The resonance between Swift’s book and the experience of Darke is one of both parallelism and inversion. Parallelism, because Darke too experiences persecution by the mob. Following the advice of friends, he decides that his best chance of being acquitted for what he did as his wife lay dying is to make himself the focus of a cause. He and his friends stir up popular awareness of his case, and, in a twenty-first century version of Gulliver’s experience, Darke and his family are trolled online, vilified in public, and threatened with violence.
But there is also inversion. The slogan Darke chooses for his crusade is “Do You Love Your Dog More Than Your Wife?”, provocatively contrasting the ease of arranging for a pet to be helped out of life once existence has become unendurable with the enormous and intimidating hurdles society places in the path of anyone who wishes to show a similar care for a person they love.
Darke’s point is that to show greater practical consideration to animals than to humans is an inversion of true values. Yet that is precisely the position of Gulliver once he has returned from the land of the Houyhnhyms. As his residence in the stable shows, he comes to value animals above his fellow men, whom (in contrast to the later attitudes Darke creates for him) he sees as perfect Yahoos.
James Darke may repudiate Romanticism but nevertheless he is inescapably Romanticism’s child
It is significant that Gulliver does not seem to turn a hair when he is informed that the Houyhnhnms are debating a genocidal extermination of the Yahoos, and in fact suggests a refinement of the policy, namely that the male Yahoos should simply be castrated.
Gekoski’s pastiche of Swiftian style is passable, with only a few lapses into anachronistic turns of phrase. But the prose here is just a carapace, because Swift and Darke, for all his superficially Swiftian curmudgeonliness, inhabit different moral universes. Swift lived long enough to see the beginnings of sentimental ethics in the writings of Shaftesbury and Hutcheson, but his own ethics were of a very different stripe, as his explanation of the purpose of a sermon — to tell the people their duty, and to convince them that it is so — makes clear.

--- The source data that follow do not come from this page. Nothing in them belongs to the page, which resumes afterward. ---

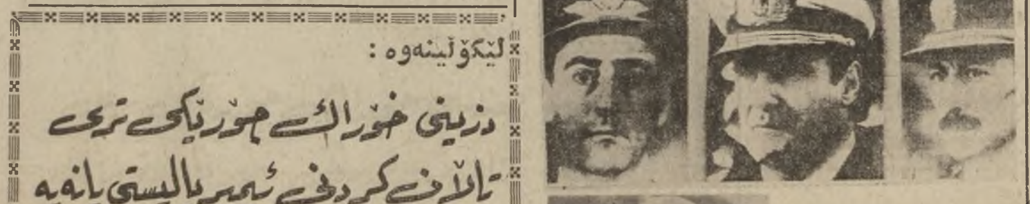
پوینس نه پریس - ۳/۲۴ ناوانسکان - هيزه چه کداره کاني نه مهنين ده سله ناي نهو تر نه ندمان له ميليشيا کي نهکا، رانه بېرې، له واکاندا، بهشدار بونې نافرته، له واکاندا بېرته، نيشانه يه کي ديار نهين، په شوقشې دژې سيمسټمې کې دواکونوړې دچهاوسانه وې کومه لايه تي.
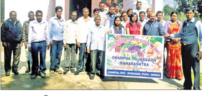
ମହାରାଷ୍ଟ୍ର ଯାତ୍ରା କରିଥିବା ଚାଷୀ।

■ ଘରକୁ ପାଣି ସଂଯୋଗ ବ୍ୟବସ୍ଥା ଆଇ ଆସୁଛି ପାଣି ■ ପାନୀୟଜଳ ଯୋଗାଣ ଯୋଜନା ବିଫଳ
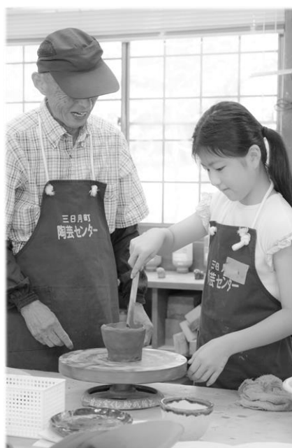
学習した成果を 子どもたちの体験活動へ還元 (三日月陶作グループの活動)

佐用町は、生涯学習を通じて、その成果を生かし、地域社会を共に創り上げていくまちづくりをめざしていきます。
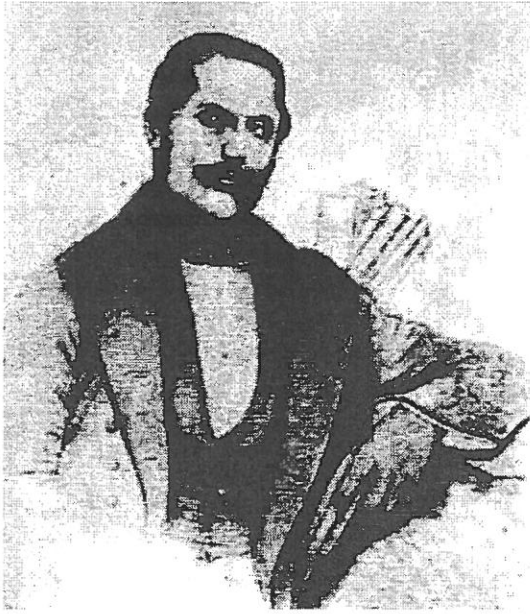
G. Barițiu după un portret stilizat din 1863.
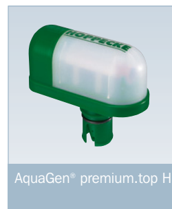
AquaGen® premium.top H

Für Kapazitäten bis 340 Ah sowie für Anwendungen mit abmessungsbedingten Einschränkungen (wie Höhe in Bezug auf die Batterieaufstellung sowie Tiefe in Bezug auf das Zellenmaß) ist die Ausführung AquaGen® premium.top H verfügbar.
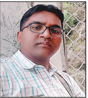
मनोरंजन प्रसाद विभागाध्यक्ष आर.टी.सी. बी.एड. कॉलेज, बुटी
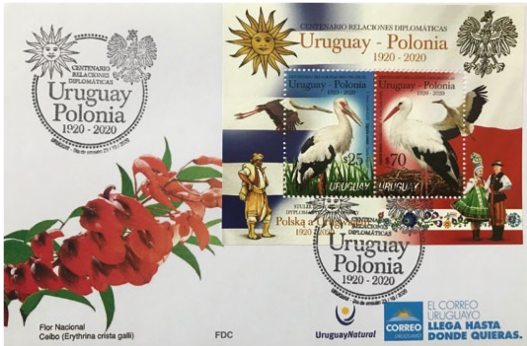
Sello postal conmemorativo con motivo del Centenario de relaciones Polonia-Uruguay

Después de que las potencias mundiales dejaran de reconocer el Gobierno Polaco en Londres en julio de 1945, no todos los países reconocieron el Gobierno Provisional de la Unión Nacional en Varsovia. Cuba mantuvo relaciones con el Gobierno Polaco en el exilio hasta 1959. La República Popular de Polonia y la República de Cuba establecieron relaciones diplomáticas en 1960. Las relaciones diplomáticas con Paraguay se reanudaron en 1991. Con los países de América Latina y el Caribe íbamos elevando progresivamente el grado de representación diplomática desde las legaciones hasta las embajadas, por ejemplo: en 1960, con México; en 1961, con Brasil; en 1964, con Uruguay; en 1969, con Perú; en 1972, con Costa Rica; y en 1979, con Honduras.
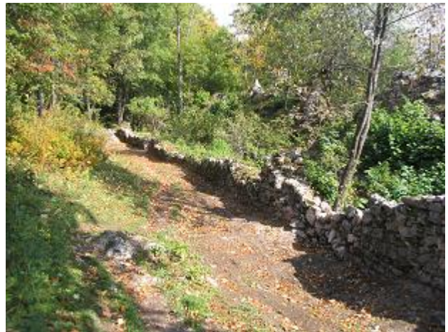
Stav po zásahu
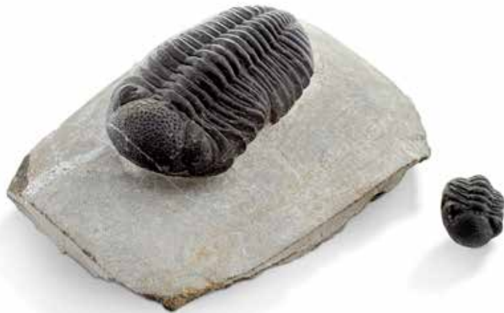
30 Trilobite Phacops , Dévonien, Erfoud, Maroc, avec un juvénile Dimension : 8 cm, sur gangue (12 x 8 cm) Dimension du spécimen juvénile : 22 mm 150 / 200 €
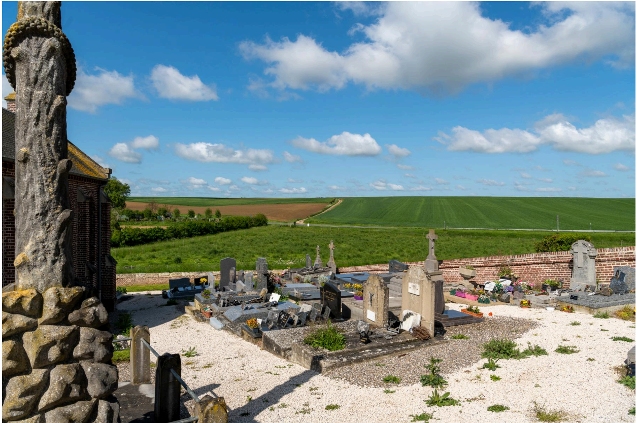
Vue générale depuis l'entrée nord du cimetière.
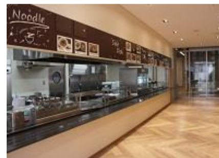
3号館食堂 ローズ (3号館1F)
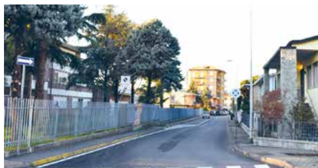
Una delle vie oggetto dell'intervento di asfaltatura
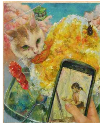
コミュゼ川崎大賞 かさはら 《私》笠原 さくら
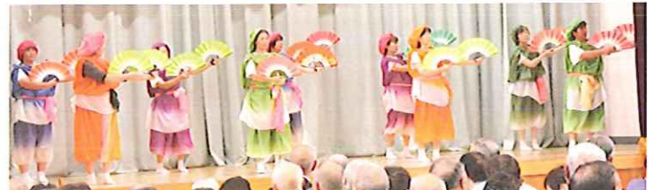
3区婦人会の皆さんによる「Y・M・C・A」「みちのく七福神」
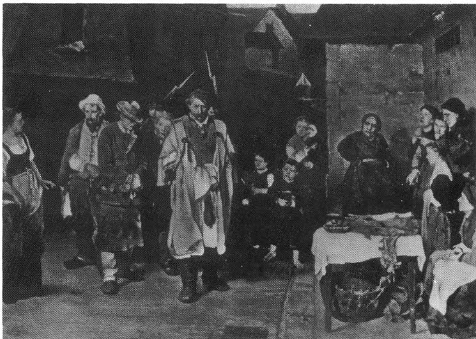
2. kép. Munkácsy Mihály: Éjjeli csavargók Magyar Nemzeti Galéria

varázsából találunk ebben az erős, férfias festésben . . . Ezek az Éjjeli csavargók úgy tűnnek, mintha az Éjjeli őrzőjárat fantasztikus környezetében mozognának . . . 13
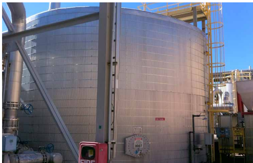
贝尔佐纳 (Belzona) 4331 可用作内衬,为储罐提供保护
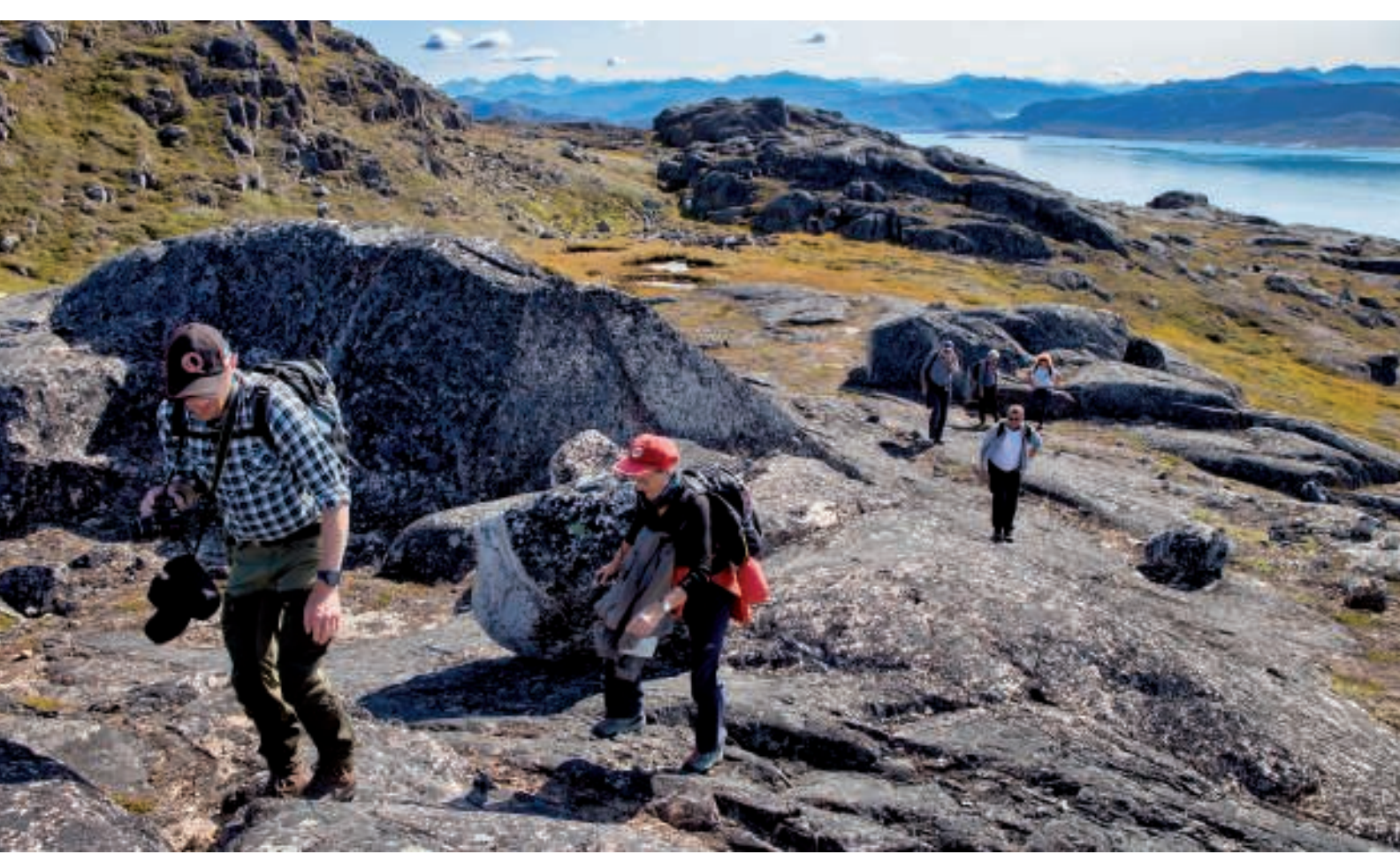
På vej op ad fjeldet

Her ved slutningen af den asfalterede vej fandt vi nogle stier, som ledte videre op og ind i fjeldet mod diverse fjeldtoppe.
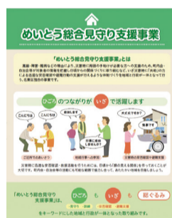
めいとう総合見守り支援事業
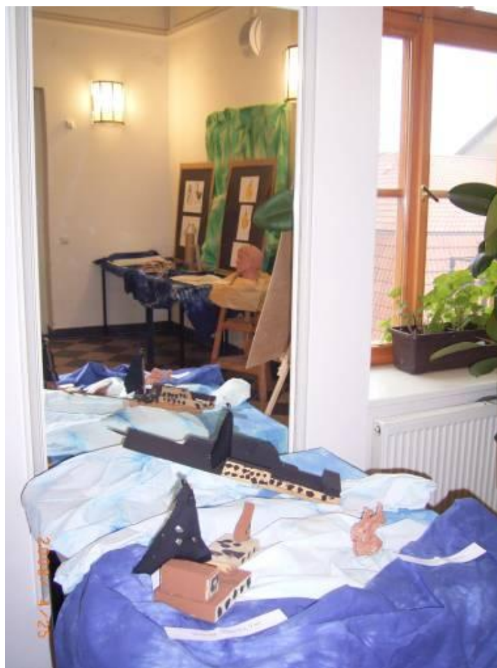
Výstava prací žáků výtvarného oboru v přísálí Městského úřadu v Hořicích
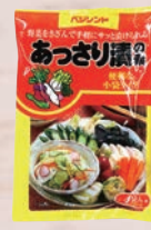
ベジフレンド あっさり漬の素 30g×4
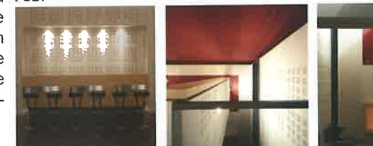
salle des professeurs

La hauteur sous voûtes de 5,40m a permis, grâce à la construction d'un plancher intermédiaire, de créer la surface complémentaire nécessaire à ce programme qui comprend un local à casiers, un foyer, une salle de travail commune, une salle de travail individuel et une salle informatique.
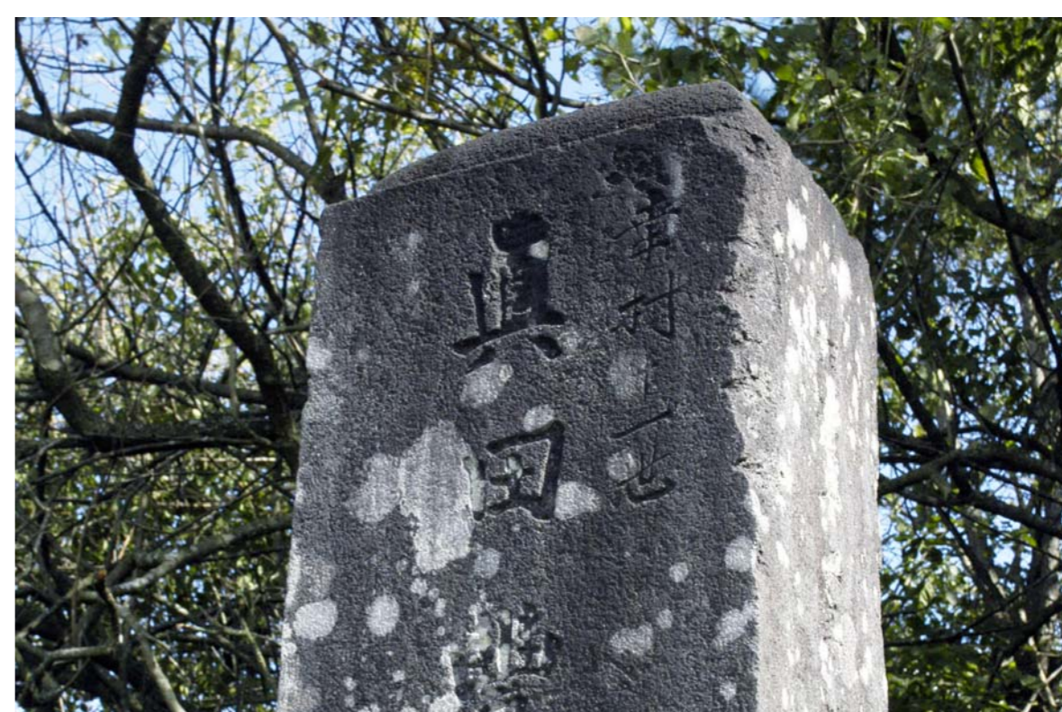
『幸村十一世』と刻まれた仙台真田氏の墓碑

James Darke may repudiate Romanticism (he walks out of a poetry reading party where the chosen poem is “Ode to a Nightingale”), but nevertheless he is inescapably Romanticism’s child — saturated with sentiment, and by no means immune to self-pity. His emotional angularity, which might at first glance look Swiftian, is in fact curdled Romanticism, and that is something very different from the toughness present even in Swift’s acts of apparent kindness.
A Modest Proposal is not at all points so far from Swift’s innermost thoughts about the Irish as well-intentioned critics sometimes say it is. After all, Swift also wrote and published a completely unironic pamphlet proposing that beggars should be badged.
My tedious but meticulous friend, Dr Dryasdust, informs me of a few errors and slips. Gulliver’s Travels is divided into “Parts”, not “Books”. T. S. Eliot was born and raised in St Louis, not Kansas City. The Nazi salute was “Sieg Heil!”, not “Seig Heil!”. I put it mildly to the good Doctor that these details may have been subtle strokes in Gekoski’s characterisation of James Darke as an unreliable narrator, but he would have none of it.